NOTES TO CONSOLIDATED FINANCIAL STATEMENTS
1. GENERAL INFORMATION
Rifkin Acquisition Partners, L.P. ("RAP L.P.") was formed on December 16,
1988, pursuant to the laws of the State of Colorado, for the purpose of
acquiring and operating cable television (CATV) systems. On September 1, 1995,
RAP L.P. registered as a limited liability limited partnership, Rifkin
Acquisition Partners, L.L.L.P. (the "Partnership"), pursuant to the laws of the
State of Colorado. Rifkin Acquisition Management, L.P., was the general partner
of RAP L.P. and is the general partner of the Partnership ("General Partner").
The Partnership and its subsidiaries are hereinafter referred to on a
consolidated basis as the "Company."
The Partnership operates under a limited liability limited partnership
agreement (the "Partnership Agreement") which establishes contribution
requirements, enumerates the rights and responsibilities of the partners and
advisory committee, provides for allocations of income, losses and
distributions, and defines certain items relating thereto.
These statements have been completed in conformity with the SEC
requirements for unaudited consolidated financial statements for the Company and
does not contain all of the necessary footnote disclosures required for a fair
presentation of the balance sheets, statements of operations, of partners'
capital(deficit), and of cash flows in conformity with generally accepted
accounting principles.
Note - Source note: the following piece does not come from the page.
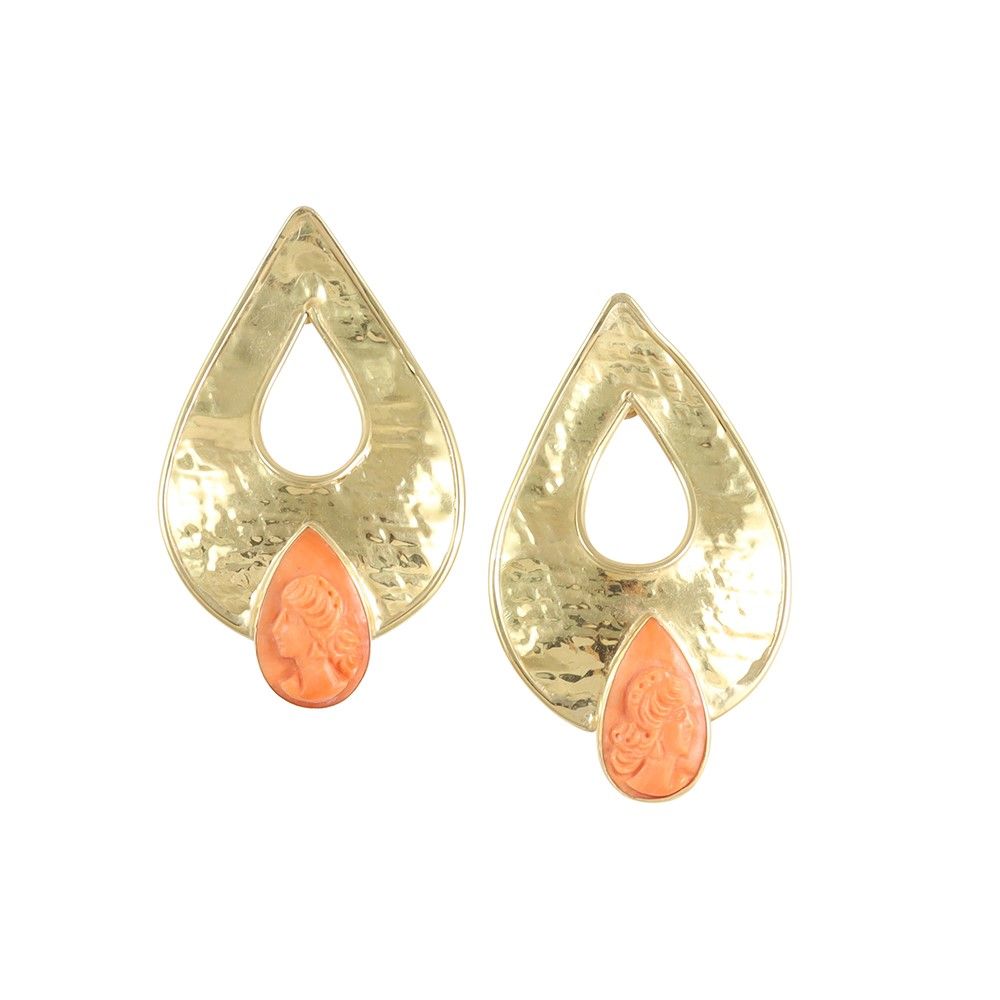 in lastra d'oro giallo a forma di goccia, ciascuno con cammeo di corallo raffigurante un profilo muliebre, gr. 11,1. Dimensioni 5 x 3 cm ca. Firmati: Sal Mar

However, in the opinion of management, this data includes
all adjustments, consisting of normal recurring accruals necessary to present
fairly the consolidated financial position at June 30, 1999, December 31, 1998
and June 30, 1998, and its consolidated results of operations and cash flows for
the six months ended June 30, 1999 and 1998. The consolidated financial
statements should be read in conjunction with the Company's annual consolidated
financial statements and notes thereto included on Form 10-K, No. 333-3084, for
the year ended December 31, 1998.
2. SUBSEQUENT EVENT
On February 12, 1999, the Company signed a letter of intent for the
partners to sell their partnership interests to Charter Communications, Inc.
("Charter"). On April 26, 1999, the Company signed a definitive Purchase and
Sale Agreement with Charter for the sale of the individual partners' interest.
The Company and Charter are expected to complete the sale during the third
quarter of 1999.
3. ADOPTION OF NEW ACCOUNTING PRONOUNCEMENT
Effective January 1, 1999, the Company adopted the Accounting Standards
Executive Committee's Statement of Position (SOP)98-5 "Reporting on the Costs of
Start-Up Activities," which requires the Company to expense all start-up costs
related to organizing a new business. During the first quarter of 1999, the
Company wrote off the organization costs capitalized in prior years along with
the accumulated amortization, resulting in the recognition of a cumulative
effect of accounting change loss of $111,607.
4. RECLASSIFICATION OF FINANCIAL STATEMENT PRESENTATION
Certain reclassifications have been made to the 1998 Consolidated Statement
of Operations to conform with the Audited Consolidated Statement of Operations
for the year ended December 31, 1998.